I'm not familiar with the term "thermoset plastic". 

If you mean "thermoplastic", then that type of coating is described as one that cures by evaporation and remains soluble by its original solvent. An example would be nitrocellulose lacquer, or shellac.


----------



## painter213 (Nov 5, 2008)

Beg to differ Rcon. A epoxy is a thermoset coating and it takes no heat to cure. Polyurea is another thermoset coating and it does not take heat to cure. Both do generate exothermic heat from the chemical reaction and neither of them uses a catylist. Polyurethanes such as polyurethane foam contains a catalyst to aid in the speed of the reaction rate and the catalyst is carried in the B side component instead of the A side component. I think your confusing the term Activator for catalyst. There is a big difference between the two.


----------



## painter213 (Nov 5, 2008)

Also, a thermosetting coating chemically crosslinks as it cures forming a durable coating.


----------



## CApainter (Jun 29, 2007)

Rcon said:


> I'm not familiar with the term "thermoset plastic".
> 
> If you mean "thermoplastic", then that type of coating is described as one that cures by evaporation and remains soluble by its original solvent. An example would be nitrocellulose lacquer, or shellac.

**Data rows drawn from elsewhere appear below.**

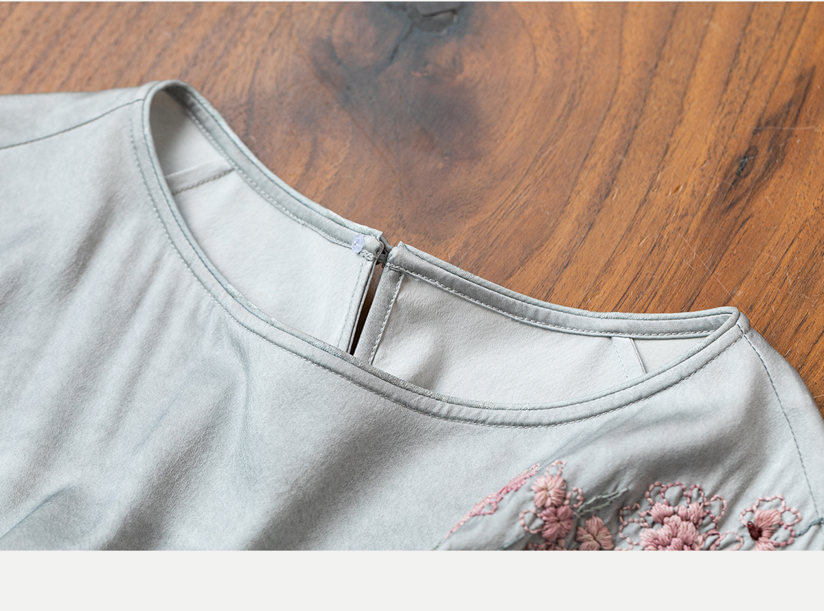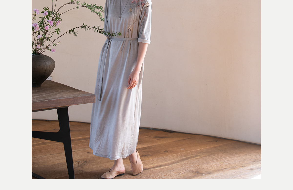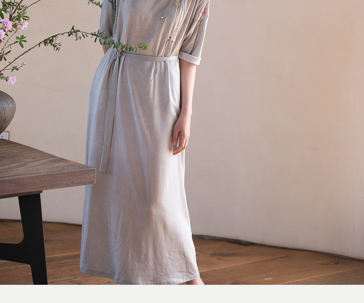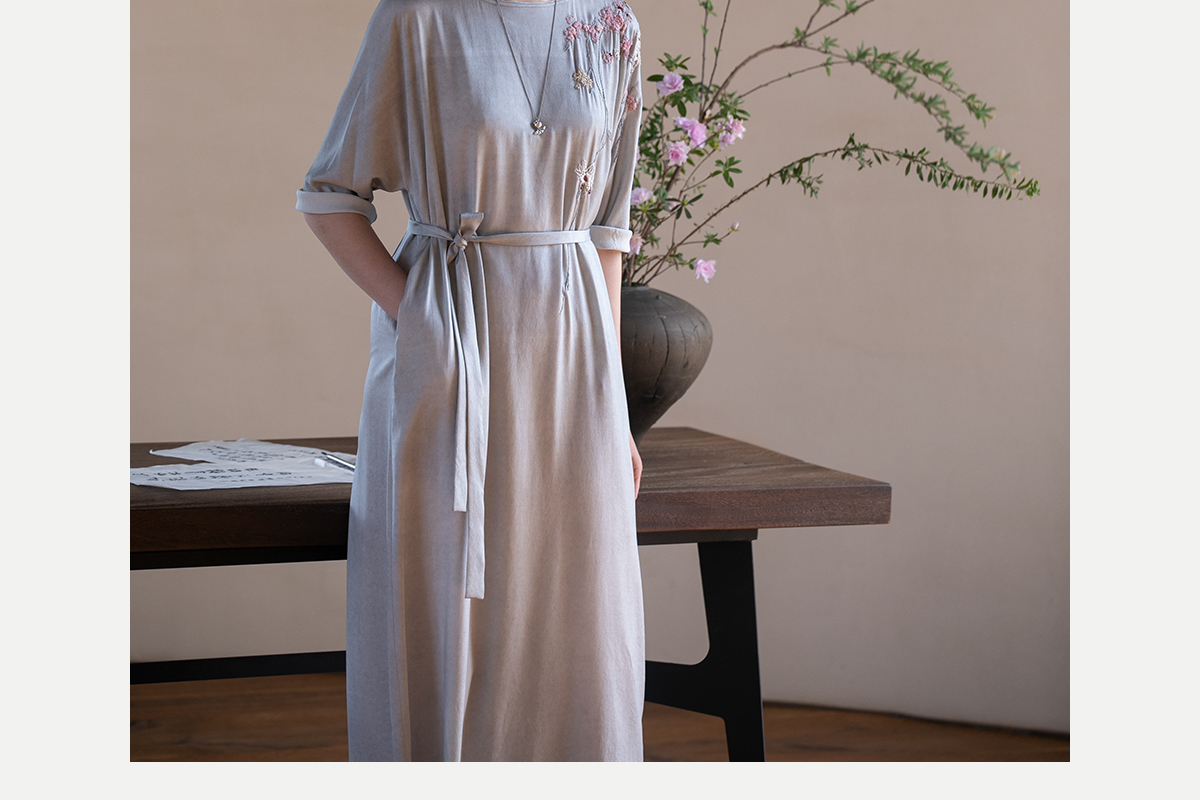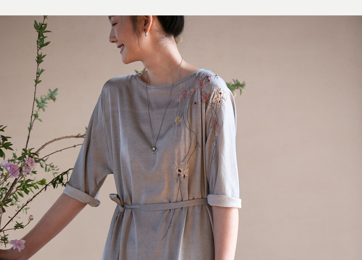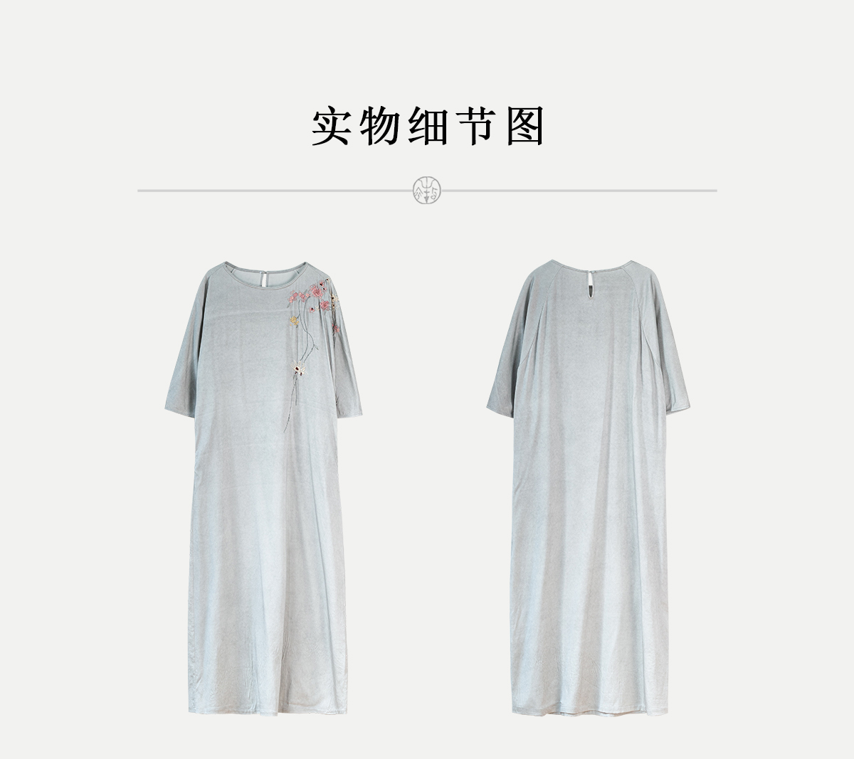 牧衣游原创 手工刺绣重磅真丝炒色连衣裙轻薄圆领宽松长裙 笙调
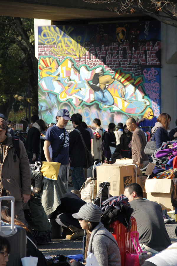 Am Sonntag waren wir noch mal in Harajuku unterwegs und sind auf einem Flohmarkt gelandet. Das wäre bei uns wohl komplett normal und nicht erwähneswert, anders als in Japan. Das Prinzip „gebraucht kaufen“ ist in Japan eigentlich eher unbekannt. Auf dem Flohmarkt gab es auch noch japanische Bratwürste, auf Chopsticks aufgespiesst, Steckerlwurst sozusagen.
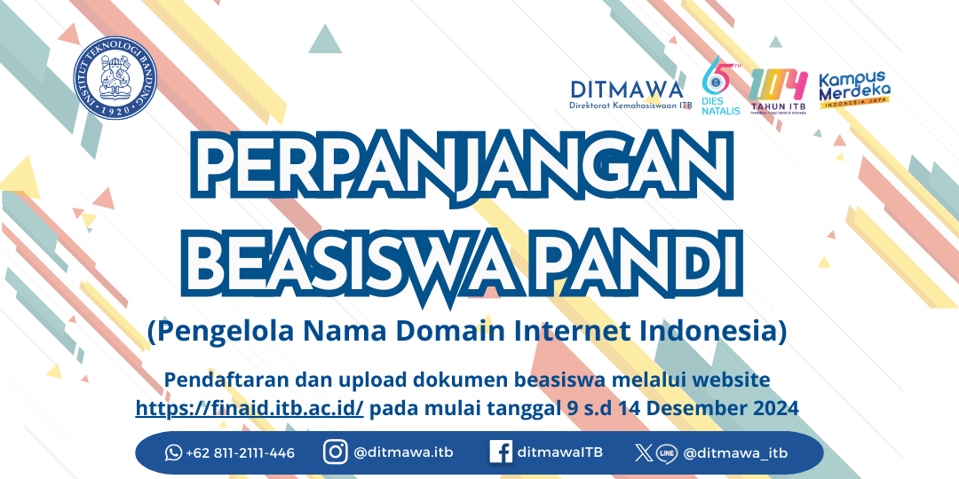 Pendaftaran dan upload dokumen beasiswa melalui website https://finaid.itb.ac.id/ pada mulai tanggal 9 s.d 14 Desember 2024
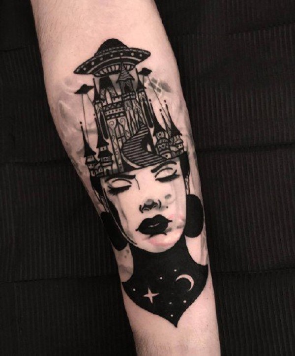 黑灰女郎+点刺风格的一组女郎黑灰纹身图案

That's correct. Thermoplastics do not undergo the chemical chain reaction that a thermoset material like an epoxy coating does. From my understanding, thermosets can be heat cured, like powder coatings, or simply generate heat during the curing process of a two component material. 

There's really a lot more to it then what I'm aware of. But, the terms used to describe the differences between a coalescing and conversion coating are thermoplastic and thermoset.


----------



## painter213 (Nov 5, 2008)

Powder coatings can be either one. Thermoplastic or Thermoset. Depends on the chemistry of the powders. The Thermoplastic only reacts to the heat and the Thermoset powders melt with the heat and then chemically reacts to a activator in the powder so as to chemically cross link and form a hard durable chemical resistant coating.


----------